4. the preparation method of the functional interlayer according to claim 1 applied to lithium-sulphur cell positive electrode, which is characterized in that Described (2) the titanium dioxide nanofiber film is infused the preparation method comprises the following steps: the obtained electrostatic spinning precursor liquid of step (1) is added In emitter, after the fiber that Static Spinning silk spinning is obtained dries 12 h at 120 DEG C of vacuum oven, in 450 DEG C of 3 h of calcining, then Naturally it is down to room temperature, obtains TiO₂Nanofiber.

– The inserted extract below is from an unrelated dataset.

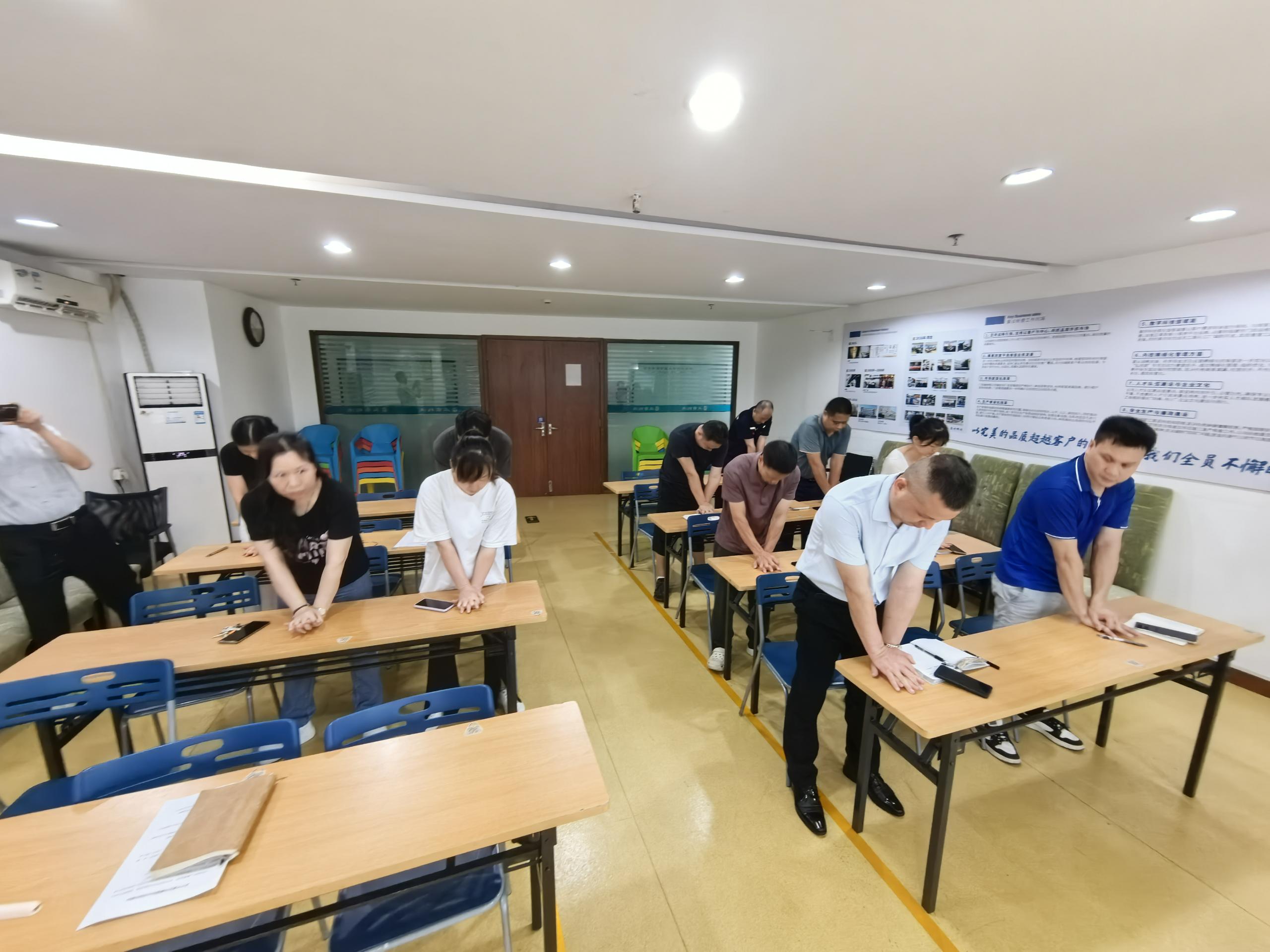 在讲座过程中,老师通过生动的互动交流和亲身示范,充分调动了职工们的学习兴趣与热情。现场老师不仅详细教授了心肺复苏(CPR)的操作步骤,还深入浅出地分享了职业病、高发病、慢性病的预防与改善知识,并结合实际案例提供了实用的健康管理方法。此外,老师还针对职工们提出的健康问题进行了耐心解答与专业指导,帮助大家更好地理解并应用健康知识。

5. the preparation method of the functional interlayer according to claim 4 applied to lithium-sulphur cell positive electrode, which is characterized in that The electrostatic spinning process parameter are as follows: operating voltage is 10 ~ 15 kV, and adjusting receiver and spinning syringe needle distance is 5 ~ 20 Cm, the rate of outflow of solution are 0.3 ~ 0.8 ml/h.

6. the preparation method of the functional interlayer according to claim 1 applied to lithium-sulphur cell positive electrode, which is characterized in that Described (3) Ag-TiO₂Composite material the preparation method comprises the following steps: by TiO₂Nanofiber immerses AgNO₃High-pressure mercury of the solution in 100W 24 ~ 48 h are irradiated under lamp, are then successively used high purity water and ethanol washing, are calcined 2 ~ 5 at 300 ~ 500 DEG C of Muffle furnace after drying h。

7. the preparation method of the functional interlayer according to claim 6 applied to lithium-sulphur cell positive electrode, which is characterized in that The AgNO₃Solution concentration is 0.0005 ~ 0.002 mol/L.